EXERCISE
All of the data, word for word and free of pictures, is the expected result.

DATA BELOW
----------

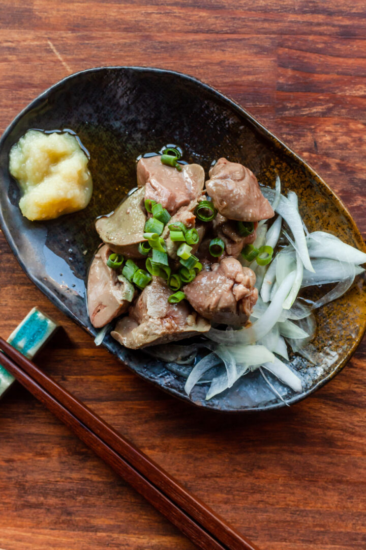 まず最初にシャッターを切るべきは、この一皿だ。 「やみつき鶏レバー」。
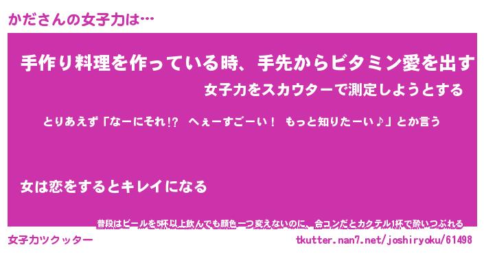 | 恥ずかしいあだ名 | 『プリティーかだ』『かだっちょ』 |
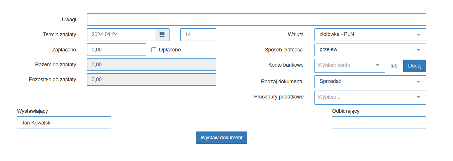 Jeśli dokument jest gotowy do wystawienia skorzystaj z przycisku „Wystaw dokument”.
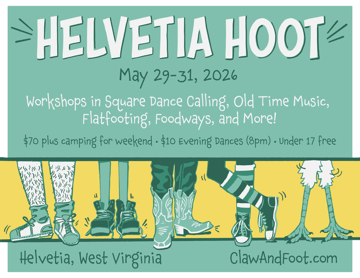 Helvetia Hoot is on for another round, May 29-31 2026. Campout party (weekend after memorial day and before Mt Airy). Catch the best elder WV square dance callers, jam all night and get puffed with fresh biscuits. Early bird tickets are available through March 1st.

----------

FINISHED TASK
 まず最初にシャッターを切るべきは、この一皿だ。 「やみつき鶏レバー」。
 | 恥ずかしいあだ名 | 『プリティーかだ』『かだっちょ』 |
 Jeśli dokument jest gotowy do wystawienia skorzystaj z przycisku „Wystaw dokument”.
 Helvetia Hoot is on for another round, May 29-31 2026. Campout party (weekend after memorial day and before Mt Airy). Catch the best elder WV square dance callers, jam all night and get puffed with fresh biscuits. Early bird tickets are available through March 1st.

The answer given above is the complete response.